Savings: The Actual Meaning Of Savings
In Personal Finance - Savings - 2 months ago

When you save, you are conserving money. The techniques of saving money includes putting money in a bank by opening a bank account, you can also save money through a pension plan. Savings is also the reduction of expenditure, especially those expenditures that are recurring in nature. Savings in terms of personal finance indicates low-risk preservation of money.

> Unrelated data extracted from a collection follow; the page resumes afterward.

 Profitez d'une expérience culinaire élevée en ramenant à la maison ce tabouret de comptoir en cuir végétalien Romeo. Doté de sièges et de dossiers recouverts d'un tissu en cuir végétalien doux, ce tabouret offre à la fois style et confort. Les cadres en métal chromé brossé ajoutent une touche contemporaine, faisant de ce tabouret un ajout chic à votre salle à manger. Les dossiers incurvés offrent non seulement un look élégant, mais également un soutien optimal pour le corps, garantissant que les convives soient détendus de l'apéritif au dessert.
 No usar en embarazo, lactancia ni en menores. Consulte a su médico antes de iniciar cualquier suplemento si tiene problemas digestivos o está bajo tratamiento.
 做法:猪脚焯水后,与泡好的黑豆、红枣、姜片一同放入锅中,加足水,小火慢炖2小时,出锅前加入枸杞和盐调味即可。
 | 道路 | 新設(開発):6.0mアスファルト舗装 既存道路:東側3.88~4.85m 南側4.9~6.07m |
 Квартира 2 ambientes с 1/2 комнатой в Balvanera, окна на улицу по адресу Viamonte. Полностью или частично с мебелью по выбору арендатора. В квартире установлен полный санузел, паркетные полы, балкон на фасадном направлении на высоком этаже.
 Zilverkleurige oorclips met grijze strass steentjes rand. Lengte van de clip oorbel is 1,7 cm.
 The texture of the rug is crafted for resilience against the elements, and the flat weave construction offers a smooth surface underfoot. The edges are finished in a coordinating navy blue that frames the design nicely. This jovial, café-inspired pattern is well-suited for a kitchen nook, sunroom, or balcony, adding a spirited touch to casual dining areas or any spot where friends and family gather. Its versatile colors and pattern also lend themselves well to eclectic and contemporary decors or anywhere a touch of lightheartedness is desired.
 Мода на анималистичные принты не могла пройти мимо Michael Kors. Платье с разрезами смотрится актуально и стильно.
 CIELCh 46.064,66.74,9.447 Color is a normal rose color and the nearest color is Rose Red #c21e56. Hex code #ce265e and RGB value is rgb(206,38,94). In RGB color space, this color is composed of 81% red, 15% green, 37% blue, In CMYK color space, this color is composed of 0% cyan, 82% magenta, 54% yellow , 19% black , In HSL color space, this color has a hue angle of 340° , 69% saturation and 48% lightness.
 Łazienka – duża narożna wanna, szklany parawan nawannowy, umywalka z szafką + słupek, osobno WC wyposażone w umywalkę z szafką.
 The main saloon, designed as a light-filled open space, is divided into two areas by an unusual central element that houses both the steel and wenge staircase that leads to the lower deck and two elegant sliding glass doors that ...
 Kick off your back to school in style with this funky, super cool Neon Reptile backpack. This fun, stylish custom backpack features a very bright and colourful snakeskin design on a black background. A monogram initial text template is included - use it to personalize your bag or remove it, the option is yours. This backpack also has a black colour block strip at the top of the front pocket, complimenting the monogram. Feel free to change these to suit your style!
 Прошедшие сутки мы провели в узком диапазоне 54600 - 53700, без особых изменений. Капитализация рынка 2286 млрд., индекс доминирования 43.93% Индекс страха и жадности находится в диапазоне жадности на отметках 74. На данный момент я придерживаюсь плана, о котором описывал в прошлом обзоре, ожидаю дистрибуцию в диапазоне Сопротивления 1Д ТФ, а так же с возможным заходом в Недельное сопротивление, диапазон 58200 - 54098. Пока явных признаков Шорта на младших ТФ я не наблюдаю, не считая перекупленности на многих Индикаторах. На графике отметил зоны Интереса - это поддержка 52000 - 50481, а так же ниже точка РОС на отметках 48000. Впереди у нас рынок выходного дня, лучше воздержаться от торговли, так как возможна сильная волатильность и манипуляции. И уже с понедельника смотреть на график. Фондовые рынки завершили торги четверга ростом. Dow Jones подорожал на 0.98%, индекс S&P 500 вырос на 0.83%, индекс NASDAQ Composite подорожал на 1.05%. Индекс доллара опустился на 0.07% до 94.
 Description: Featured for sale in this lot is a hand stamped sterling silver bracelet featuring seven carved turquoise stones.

Personal Finance and Savings
In the aspect of personal finance, savings corresponds to nominal preservation of money for use in the future. An interest yielding deposit account is typically a method of keeping money for use in the future when the need for it arises. Such saving is for keeping an emergency fund for capital purchase (for example car or home) or for other purposes such as children’s education funding or tax bill. In the context of personal finance, when fund is used to buy shares, placed in a collective investment scheme or the purchase of any asset that poses an element of capital risk, it is seen as investment. This distinction is vital since the investment risk can lead to a capital loss at the realization of investment, contrary to cash savings.
Cash savings accounts are associated with minimal risks. In the U.S, it is required of every bank to have a deposit insurance which is issued by the FDIC (Federal Deposit Insurance Corporation. In severe instances, deposit can be lost when the bank goes down; this was experienced at the beginning of the Great Depression. But with the creation of the Federal Deposit Insurance Corporation, deposits cannot be lost when a bank is distressed. In a lot of instances, savings is used interchangeably with investment. For instance, a lot of deposit accounts are labeled as investment accounts by the financial institutions for the purpose of marketing. In order to establish if an asset is regarded as saving or investment, you should seek to find the answer to the question of where your money is invested. Perhaps your answer to this question is cash; if so, then it is savings; if the asset is such that can go up and down in nominal value, then it is regarded as investment. There could be problem associated with long-term money saving; in a time frame say 30 years, the value of such fund will reduce to about half its original value as a result of inflation if inflation rate is assumed to be 2 to 3 percent.
The Issue of Interest Rates
Interest rates will adjust to equate saving and investment; this is posited by classical economics, avoiding overproduction. When there is increase in saving, interest rates will drop, motivating investment. However, another great economist (Keynes) is of the opinion that both saving and investment were not responsive to interest rates. Going further, the demand for and supplies of stocks of money spelt out interest rate in short run. Therefore, saving could be more than investment for substantial period of time resulting to a recession and general glut.